There are two essential questions in the human life. The answers to these two questions will shape every facet of your existence—from tying your shoes and choosing a church to how you discipline your children and even the focus of your funeral. They are questions that have haunted some, plagued others, and overjoyed many. They are:

  1. How can I be right with my Maker?
  2. How was I made right with my Maker?

The first is a futuristic discovery. The second is a historical investigation. The first must obviously precede the second because the second deals with the preexisting state of the first. The first, as we know, is life’s most primary issue and devours any other curiosity that attempts to rival against it. Society proves this by sheer sociological evidence. The first-century Greek philosopher Plutarch defends this fact when he said, “If we traverse the world, it is possible to find cities without walls, without letters, without kings, without wealth, without coin, without schools and theatres; but a city without a temple, or that practiseth not worship, prayer, and the like, no one ever saw.”[1] Our relationship with God is paramount. However, it is the second question that magnifies the magnificence of the first. It is the polisher of the diamond or the exalter of the prize. It is in this second question that we, as Christians, find the comprehension and, as a result, the beauty, wonder, gratitude, and glory of the first.

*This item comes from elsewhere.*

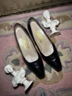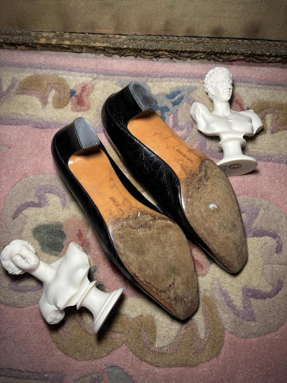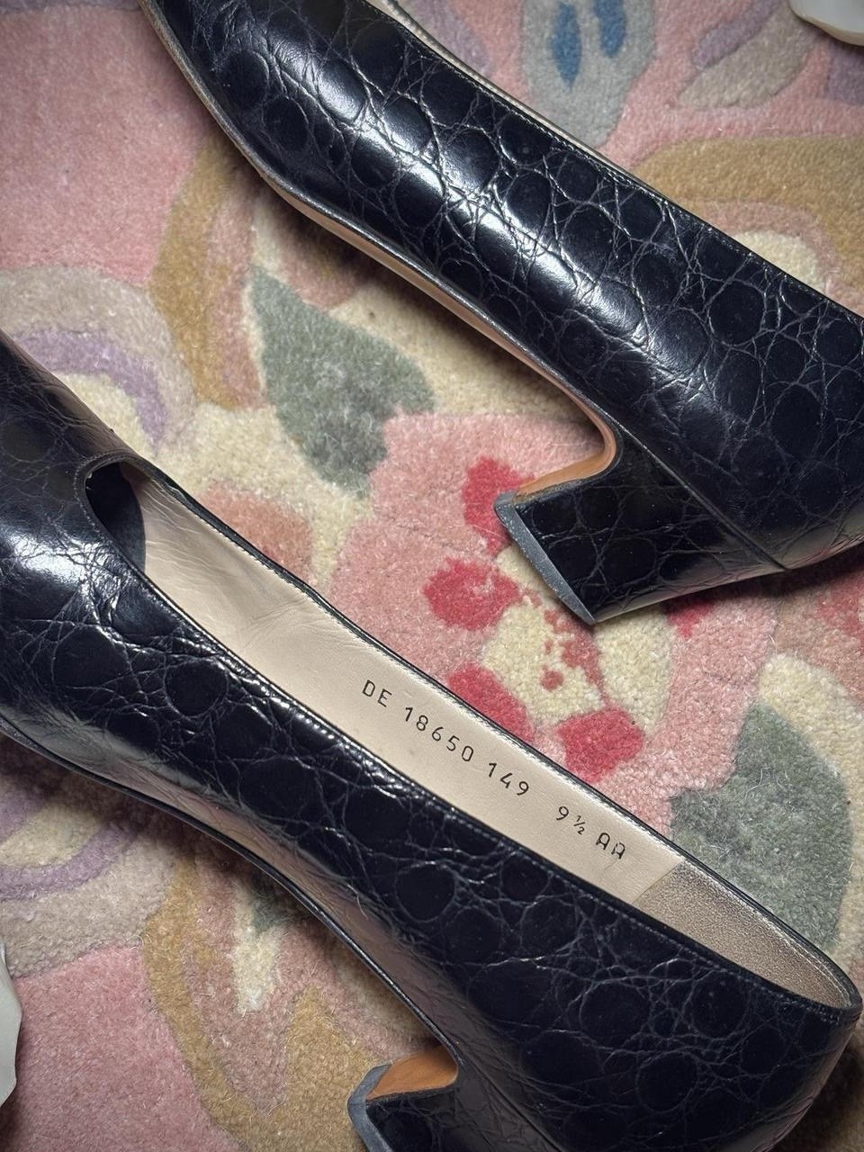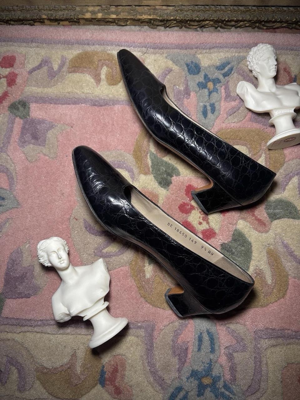 Vintage 1980s Salvatore Ferragamo Black Crocodile-Embossed Leather Heels, Size 9.5 ౨ৎ Size: 9.5 AA (narrow fit) ౨ৎ Heel height: 2” ౨ৎ Insole: 10.5” (but very narrow at the tip) ౨ৎ Widest width: 3” ౨ৎ Material: Genuine leather, crocodile-embossed texture ౨ৎ Made in Italy Classic and elegant, these vintage Salvatore Ferragamo heels feature a glossy crocodile-embossed leather upper with a sculpted, squared toe and low block heel. A timeless silhouette that pairs refinement with everyday wearability. The gold Ferragamo logo is stamped inside the insole, highlighting their Italian craftsmanship. Good vintage condition with moderate wear to soles and light creasing consistent with age and use. Leather remains supple and glossy, and heels are sturdy. #Ferragamo #vintageshoes #crocodileleather #designerheel B3

Several years ago, in an audio clip from a John Piper sermon, I remember him saying (and I’m paraphrasing), “When I found myself alive in Christ, I quickly embarked on a journey to understand what happened to me?” This was true of my conversion as well. Coming from a long history of dead religion, the radical spiritual awakening that occurred at the point of my rebirth drove me to an insatiable investigation of the process of my own rebirth and salvation. However, my story is quite unique. Prior to adhering to the Calvinistic position, I was a highly informed and white-knuckled proponent of Arminianism. I had studied the sermons and theology of John Wesley, A.W. Tozer, Norman Geisler, and Ravi Zacharias. I comprehended the philosophical argumentation and was, in my conscience, a full-blooded free-will theologian. In fact, to my regret, I actually dedicated an entire chapter to the defense of Arminianism in one of my books.

Now, this article is not intended to share my personal conversion and commitment to reformed theology, I have already done so in an exhaustive exposition titled “How God Saved, Freed, and Reformed Dale Partridge.” In this piece, however, I would like to present a brief look at the critical theological differences between Calvinism and Arminianism and why I have convictedly sided with the former and not the latter.

A Brief History

To be clear, both of these men would be appalled at the idea of their names representing such important theological positions—especially Calvin. In Robert Godfrey’s book John Calvin: Pilgrim and Pastor, he records Calvin’s adamant desire to be forgotten after his death. He writes, “[Calvin] was buried on Sunday in an unmarked grave at a secret location somewhere in Geneva. In one of the last commentaries he wrote, he commented on the death and burial of Moses, ‘It is good that famous men should be buried in unmarked graves.’ This conviction guided his own burial. He rejected the superstitious veneration of the dead and wanted no pilgrimages to his grave. He had lived to make Christians, not Calvinists.”[2]

That said, these two men (John Calvin and Jacob Arminius) still stand as the pillars of modern soteriology. However, Calvinism cannot be credited to Calvin. For it was Augustine in the fourth century who first synthesized and systematized the New Testament’s doctrine on salvation. The same is true of Jacob Arminius. His theology was simply a reaction to the celebrated doctrines of Calvin’s and finds a portion of its theological roots in the works of Pelagius. Pelagius was the opponent of Augustine and was declared a heretic at the Council of Ephesus in 431. In other words, this debate between man’s free will and the sovereignty of God in salvation goes deep into the annals of Christian history.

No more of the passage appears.